Syslog and ASL in macOS

macOS Catalina macOS Catalina

I’m capturing a logs of logs across my Linux systems, they all traditionally used syslog daemon and more recently rsyslog or syslog-ng. I wanted to research message logging in macOS and found the setup to be interesting enough.

syslog config in /etc/asl.conf

First big difference is that the primary configuration file for syslog daemon is no longer /etc/syslog.conf. This is what it says when you open it:

# Note that flat file logs are now configured in /etc/asl.conf

install.*                                     127.0.0.1:32376

Apple System Log (ASL)

Really cool!
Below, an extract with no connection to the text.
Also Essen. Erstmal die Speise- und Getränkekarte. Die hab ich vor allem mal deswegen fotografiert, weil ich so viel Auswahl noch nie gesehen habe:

Apparently for quite some time, macOS has been logging everything using Aple System Log approach - meaning there are libraries of functions written specifically for logging messages, keeping track of message databases (they’re in binary format, ASL files) and providing output into cleartext log files.
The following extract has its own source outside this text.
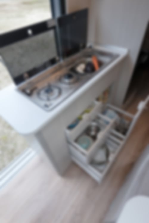 Die Küchenzeile ist mit 2-Flammen-Premiumkochfeld, elektronischer Piezozündung und hochwertigen Glasabdeckungen ausgestattet. Um die Arbeitsfläche mit noch mehr Ablagemöglichkeiten zu nutzen, ist auch hier eine tolle Erweiterung von 40cm im Serienumfang enthalten. Damit die Abfalltasche unsichtbar verstaut werden kann, befindet sich im Küchenblock eine gut zugängliche Verstauungsmöglichkeit. Besonderes Highlight ist der 140l Twin-Tower Premium Kompressorkühlschrank mit gekühlter Getränkeschublade. Die Küchenzeile hat drei Schubladen mit Vollauszug und Softclose-Mechanismus. Alle Küchenutensilien sind bestmöglich über den Zusatzschrank mit Auszug (ähnlich Apothekerschrank) zu erreichen.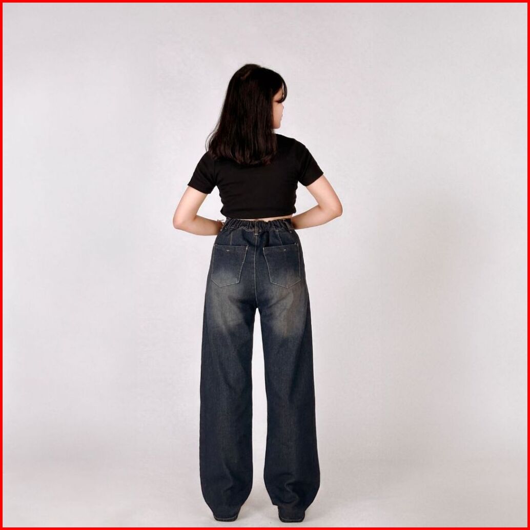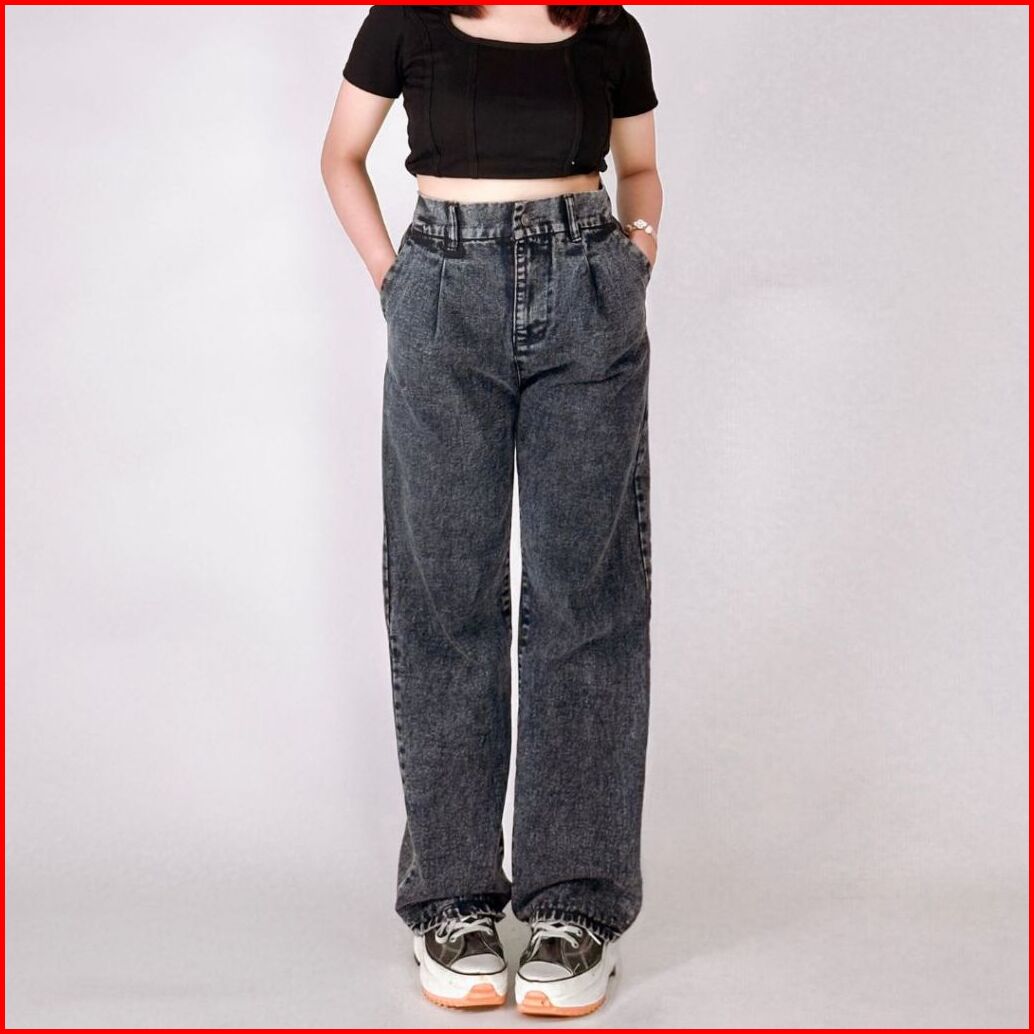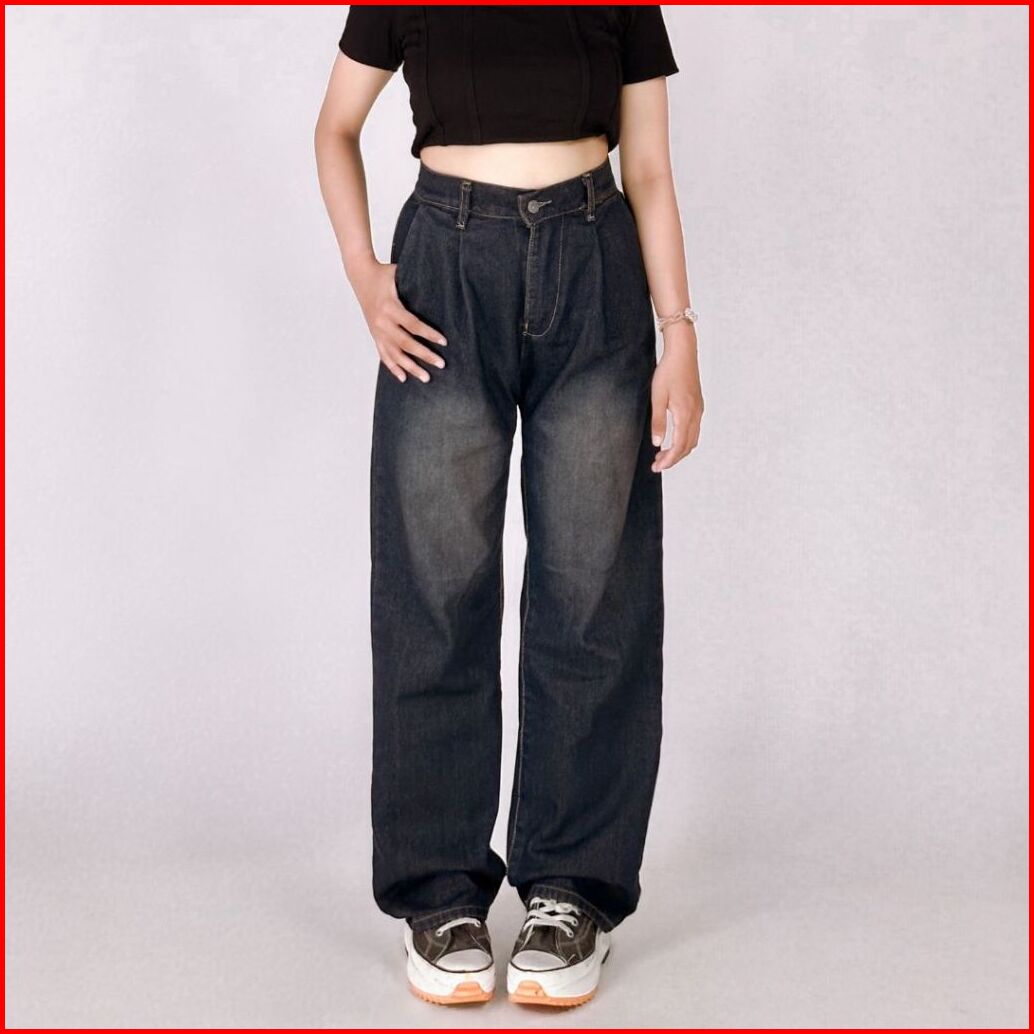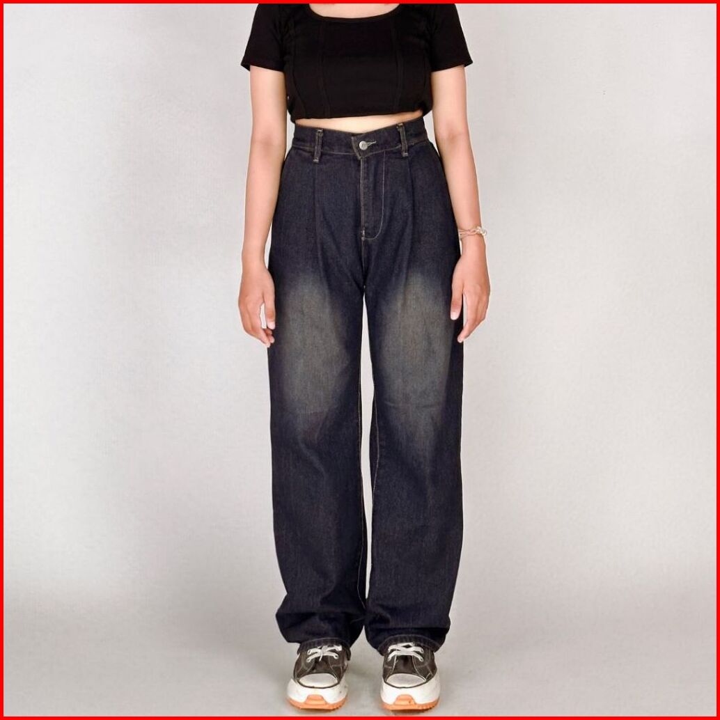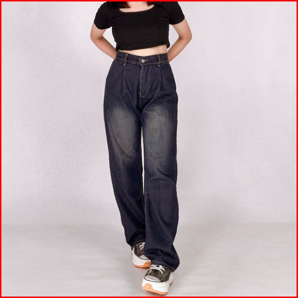 Celana Highwaist Baggy Loose Jeans Celana Lipit Denim Drapey

More recently there’s os_log interface for working with log messages, but it still relies on ASL mechanism I think.

System Logging with /etc/asl.conf

Here’s the typical /etc/asl.conf file on my macOS:

[email protected] $ cat /etc/asl.conf
##
# configuration file for syslogd and aslmanager
##

# aslmanager logs
> /var/log/asl/Logs/aslmanager external style=lcl-b ttl=2

# authpriv messages are root/admin readable
? [= Facility authpriv] access 0 80

# remoteauth critical, alert, and emergency messages are root/admin readable
? [= Facility remoteauth] [<= Level critical] access 0 80

# broadcast emergency messages
? [= Level emergency] broadcast

# save kernel [PID 0] and launchd [PID 1] messages
? [<= PID 1] store

# ignore "internal" facility
? [= Facility internal] ignore

# save everything from emergency to notice
? [<= Level notice] store

# Rules for /var/log/system.log
> system.log mode=0640 format=bsd rotate=seq compress file_max=5M all_max=50M
? [= Sender kernel] file system.log
? [<= Level notice] file system.log
? [= Facility auth] [<= Level info] file system.log
? [= Facility authpriv] [<= Level info] file system.log

# Facility com.apple.alf.logging gets saved in appfirewall.log
? [= Facility com.apple.alf.logging] file appfirewall.log file_max=5M all_max=50M

In addition to it, there’s quite a few software or service specific configuration files in /etc/asl directory - something very similar to rsyslog include files by function, but looking very different, just like the asl.conf file itself:

ASL Configuration Language

I’ve never seen this before but could find my way around configuring ASL logging very quickly, because a lot of things are quite intuitive:

# Rules for /var/log/system.log
> system.log mode=0640 format=bsd rotate=seq compress file_max=5M all_max=50M
? [= Sender kernel] file system.log
? [<= Level notice] file system.log
? [= Facility auth] [<= Level info] file system.log
? [= Facility authpriv] [<= Level info] file system.log

We configure file permissions, format and rotation rules for system.log file and then define filters for the messages that we want it that log file: they must be kernel messages, have specific facilities (kinds of messages) and log level (notice).

I think I’ll do another post on ASL soon enough, explaining this in more detail.

Comparing ASL to syslog and rsyslog

I would say ASL has a really cool and very readable approach to configuring logging needs. It’s superiour to traditional syslog format.

rsyslog, which I’m finding in most Linux distros these days, is safe: it has a new syntax for configuration files that is just as easy and just as meaningful. So while ASL is clearly better than old syslog, it’s quite comparable to newer rsyslog when it comes to both functionality and configuration language.